Once this retribution had occurred, the other players were largely pardoned – including Henry Grey, Jane’s father. Not all of them could be – the direct actors, like Jane Grey and her husband Guildford Dudley, continued in the Tower until after Mary’s coronation. These pawns were finally brought to trial, along with Archbishop Thomas Cranmer and two other Dudley boys (Ambrose and Henry – but not Robert). Instead of Westminster, which was only for “noblemen,” they were tried at Guildhall.
As we know from Machyns Diary, “The lady Jane was in a blacke gowne, tourned downe; the cappe lined with fese velvet, and edget about with the same, in a French hoode, all black, with a black habilment, a black velvet boke hanging before hir, and another boke in hir open hand.”

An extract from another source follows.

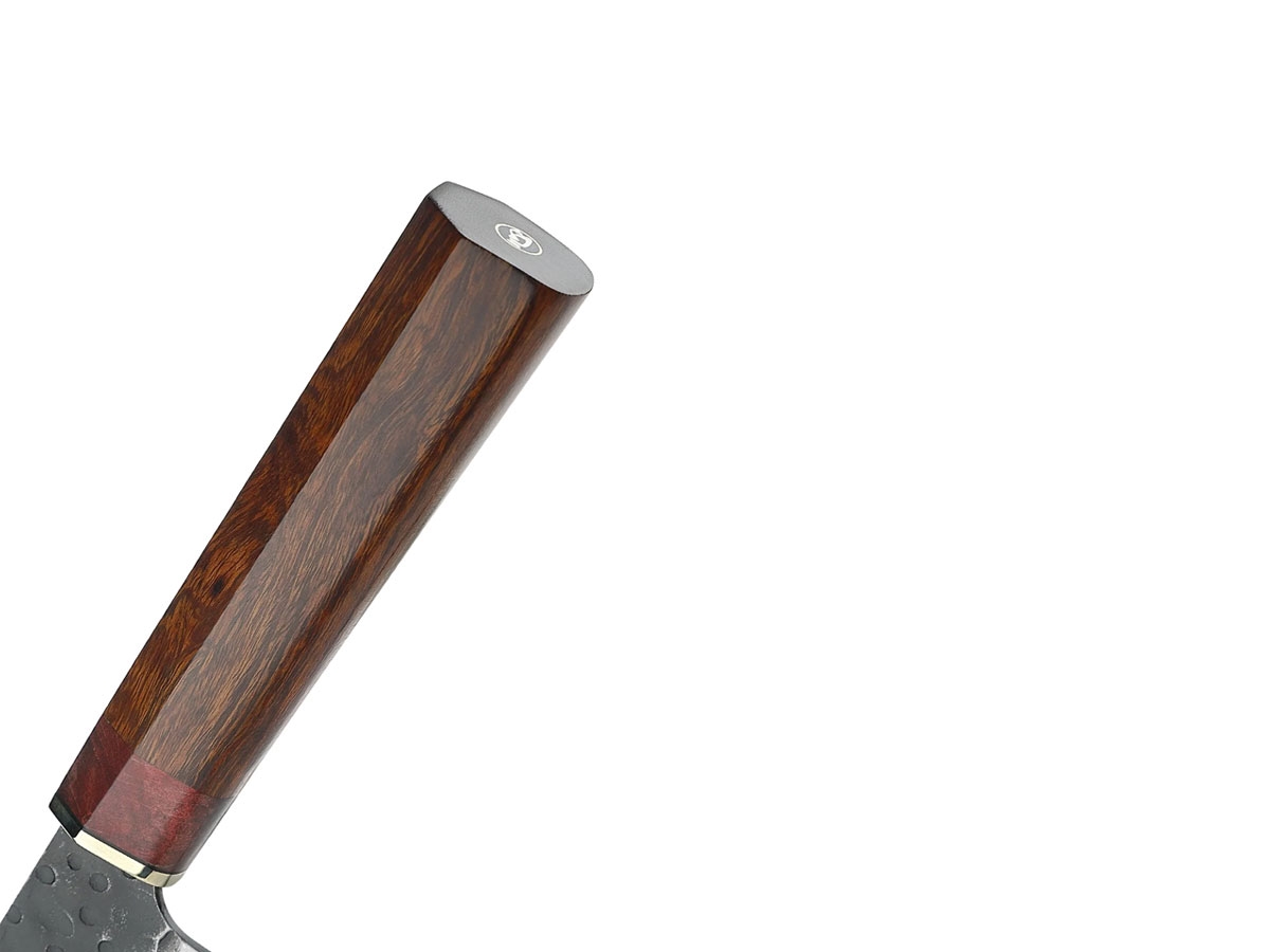 La lama San Mai ha un acciaio inox centrale 440C, con elevata durezza di 59±1 Rockwell, e acciaio inox 410 per i bordi esterni con una buona resistenza alla corrosione. La finitura TSUCHIME martellata e acidata aiuta a rilasciare facilmente il cibo durante il taglio. Per rendere l'impugnatura resistente alla corrosione è stato usato Ironwood stabilizzato, Ironwood naturale e distanziatore in ottone.
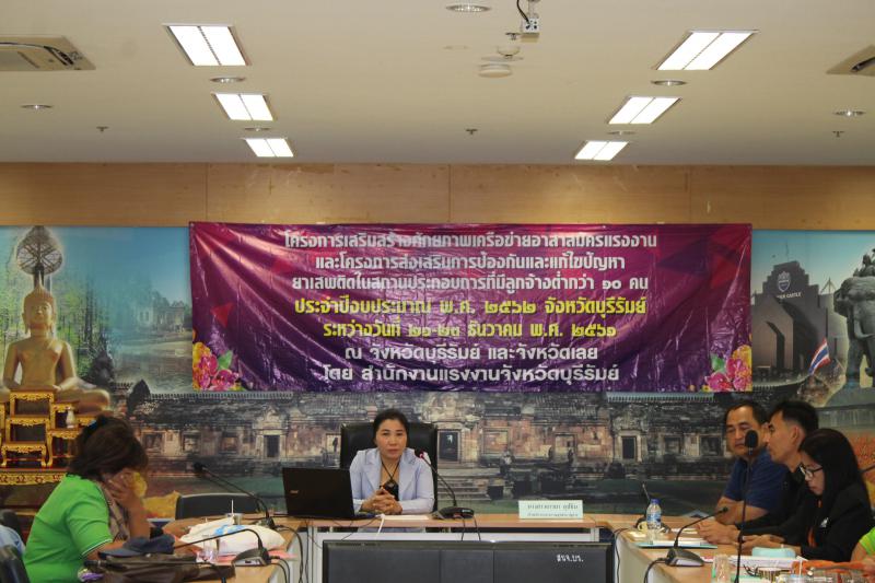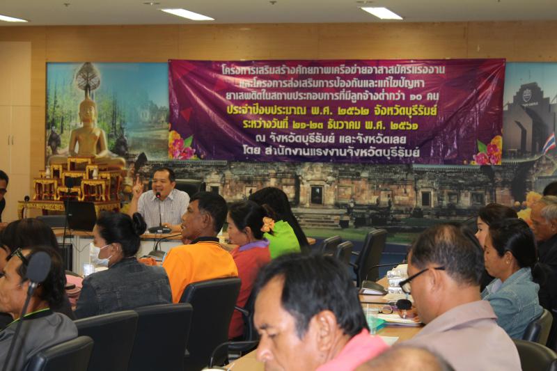 สำนักงานแรงงานจังหวัดบุรีรัมย์ จัดประชุมโครงการเสริมสร้างศักยภาพเครือข่ายอาสาสมัครแรงงานและโครงการส่งเสริมการป้องกันและแก้ไขปัญหายาเสพติดในสถานประกอบการที่มีลูกจ้างต่ำกว่า ๑๐ คน ประจำปีงบประมาณ พ.ศ.๒๕๖๒ จังหวัดบุรีรัมย์ และศึกษาดูงาน ณ จังหวัดเลย

We get more from The Tower From Within, by Major-General Sir George Younghusband: “[T]he indictment ran ‘for assumption of the Royal authority by Lady Jane, for levying war against the Queen and conspiring to set up another in her room.’ The prisoners all pleaded guilty, and were duly sentenced; that passed on Lady Jane Grey was that ‘she should be burned alive on Tower Hill or beheaded as the Queen pleases.’ After sentence the prisoners returned on foot to the Tower, through the crowded streets of the city, guarded as before. An unnecessary humiliation, especially for a lady of rank, and cousin of the Queen. Lady Jane’s imprisonment at the Tower was not, however, made more irksome than necessary, for she was given ‘the libertie of the Tower, so that she might walk in the Quene’s garden and on the hill’.”
Except for making Jane walk on foot back to the Tower, Mary really showed remarkable courtesy to her young cousin. Between the intentional delay and the relative freedom, it really seemed that Mary would eventually rescind the sentence against them…and then Henry Grey did something really stupid: he joined the rebellion headed by Sir Thomas Wyatt (the younger) to protest Mary’s proposed marriage to Philip of Spain. Interestingly, the rebels were said to want to replace Mary with Elizabeth, not Jane Grey – but Henry Grey’s active participation suggested that Jane was the danger. She and Guilford were executed on February 12, 1554; Henry Grey followed them eleven days later.
Before Jane’s execution, Mary tried (unsuccessfully) to convert her. Hence the photo I chose to accompany this post: her victory over Stephen Gardiner. It’s getting a bit ahead of the story as it existed on the anniversary of this day, but I couldn’t resist.